Provided material ▸
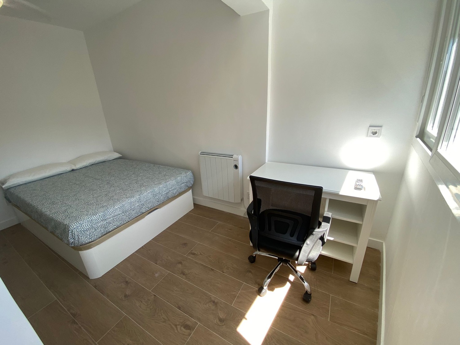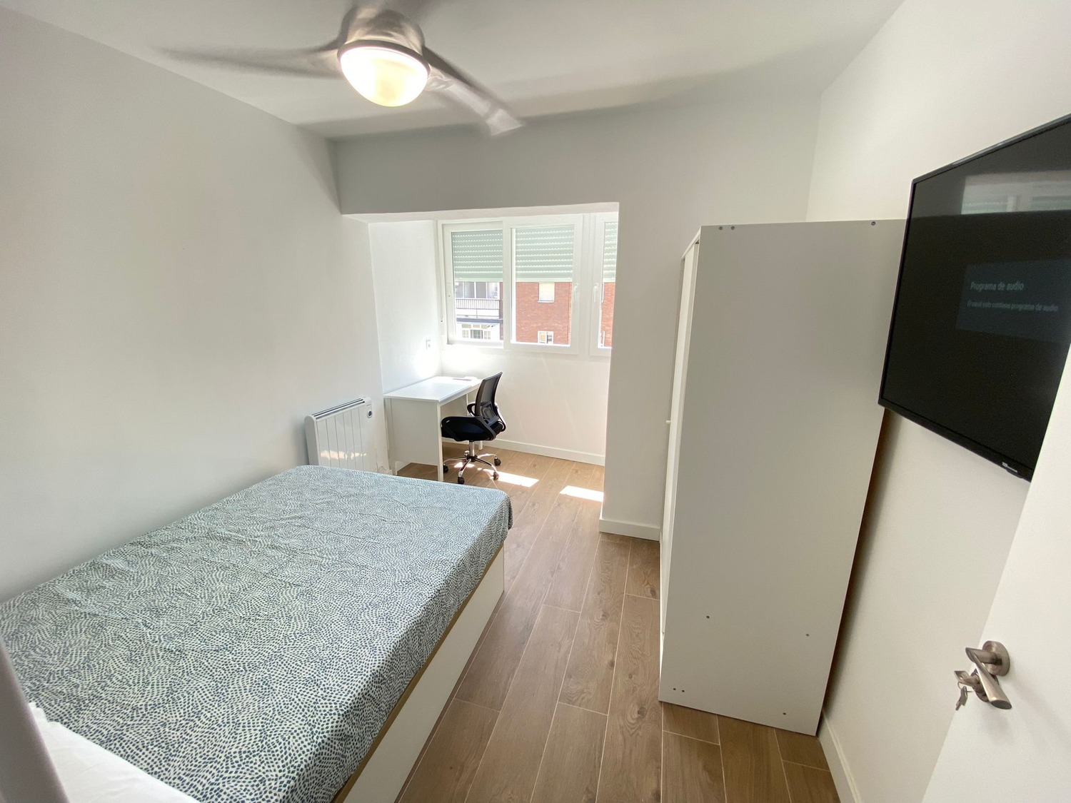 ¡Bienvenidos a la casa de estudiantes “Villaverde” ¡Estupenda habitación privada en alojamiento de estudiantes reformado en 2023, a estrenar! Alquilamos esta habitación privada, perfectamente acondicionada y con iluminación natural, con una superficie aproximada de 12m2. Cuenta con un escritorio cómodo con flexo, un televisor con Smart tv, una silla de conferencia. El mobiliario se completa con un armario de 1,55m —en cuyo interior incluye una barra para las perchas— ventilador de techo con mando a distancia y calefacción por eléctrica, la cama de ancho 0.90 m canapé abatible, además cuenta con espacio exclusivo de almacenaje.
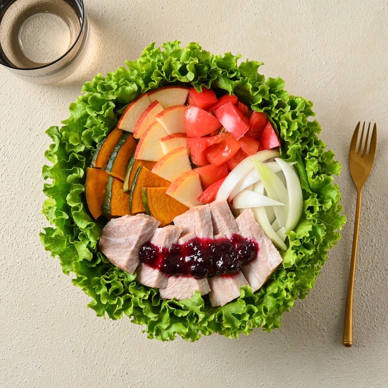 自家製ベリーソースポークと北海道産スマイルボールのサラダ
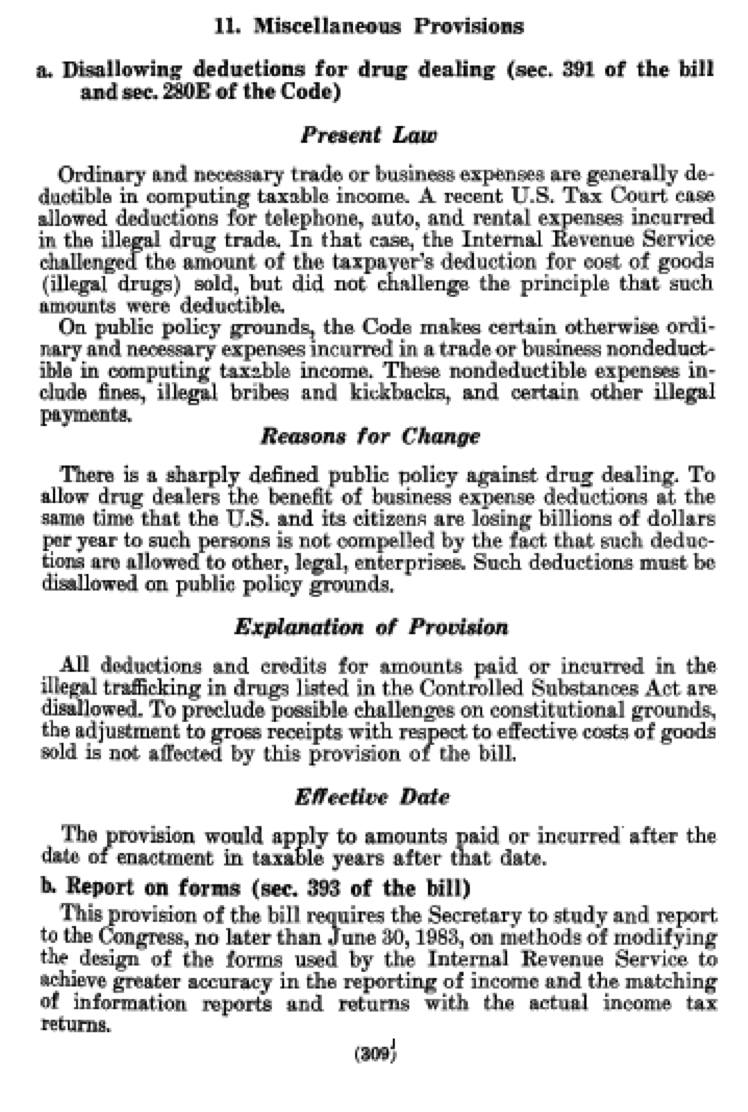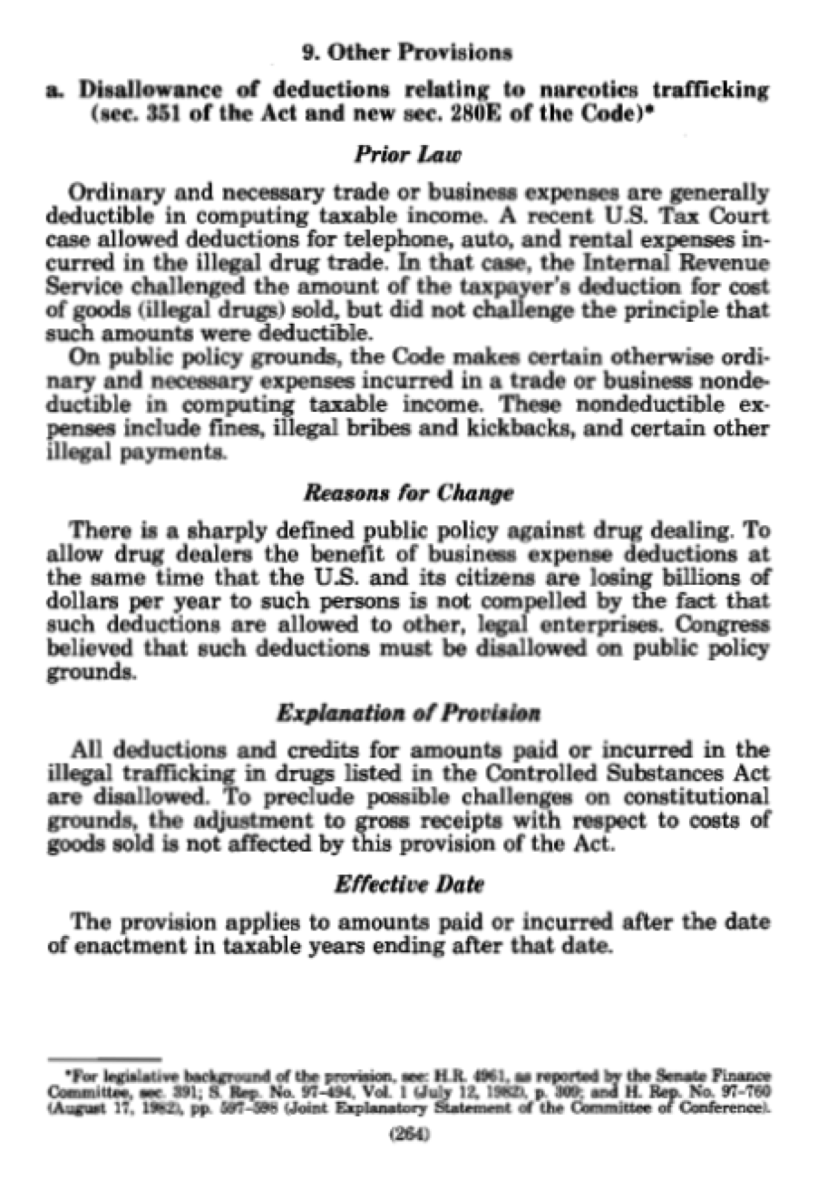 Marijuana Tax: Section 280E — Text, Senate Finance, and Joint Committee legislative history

==

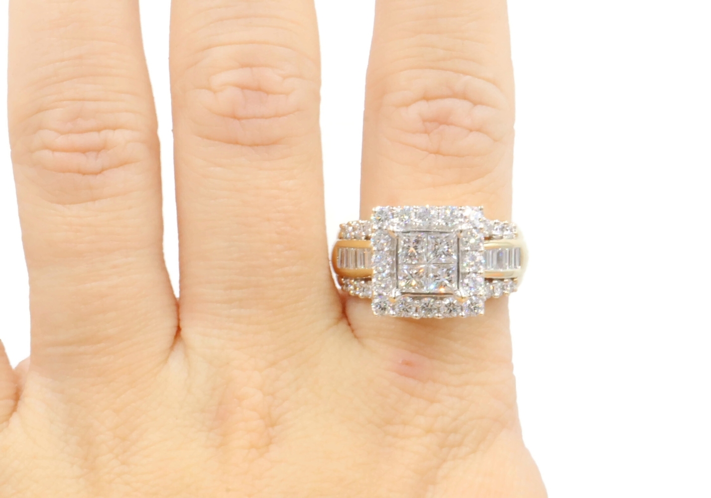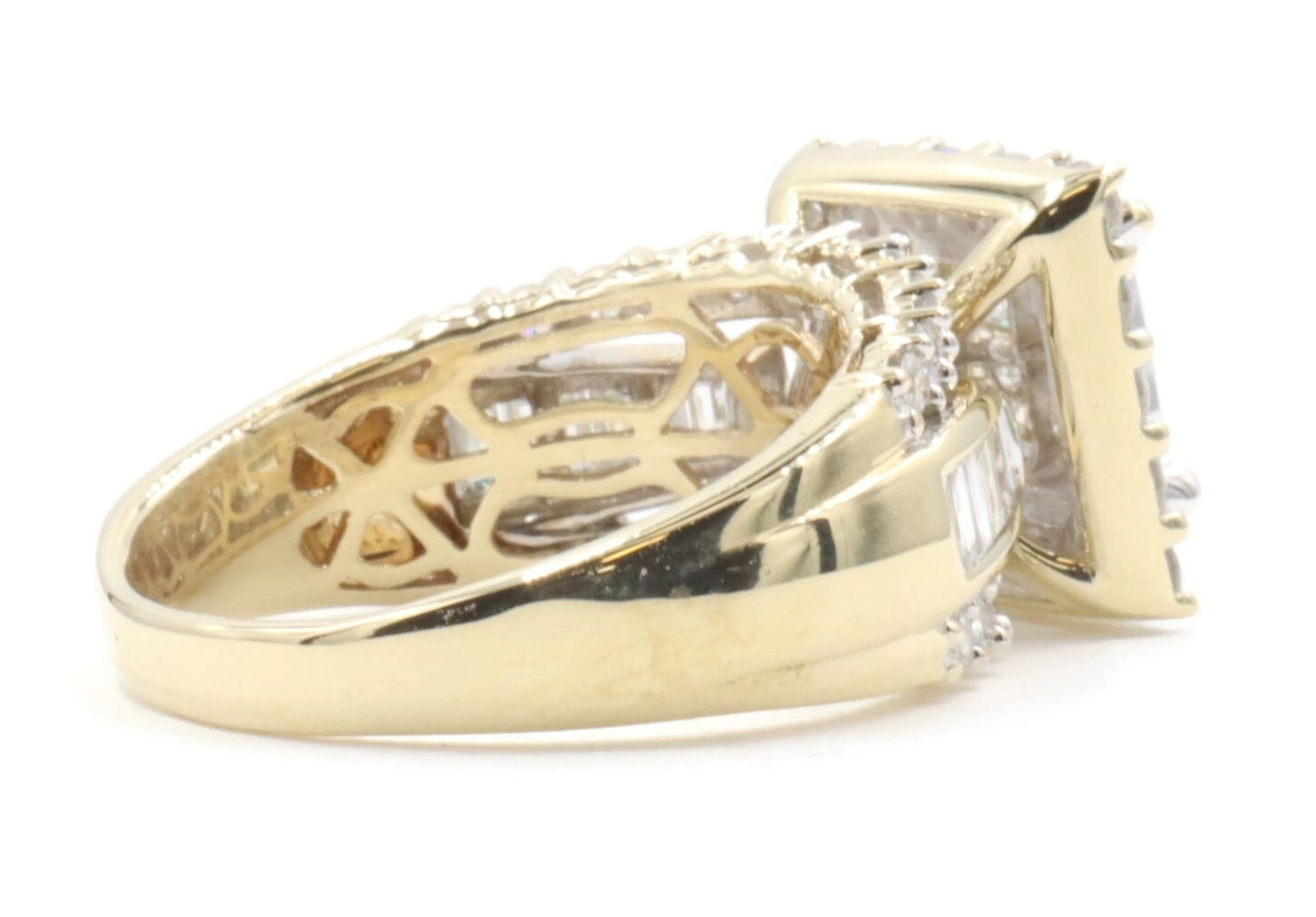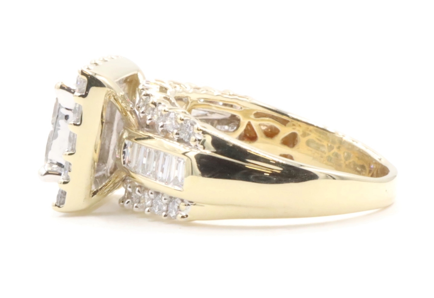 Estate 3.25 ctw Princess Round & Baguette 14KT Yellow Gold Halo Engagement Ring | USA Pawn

Activity ▸
In the entries above, find the line containing "自家製ベリーソースポークと北海道産スマイルボールのサラダ" and the line containing "Marijuana Tax: Section"; give again exactly those two lines and every line between them, minus the pictures.

Answer to this problem ▸
 自家製ベリーソースポークと北海道産スマイルボールのサラダ
 Marijuana Tax: Section 280E — Text, Senate Finance, and Joint Committee legislative history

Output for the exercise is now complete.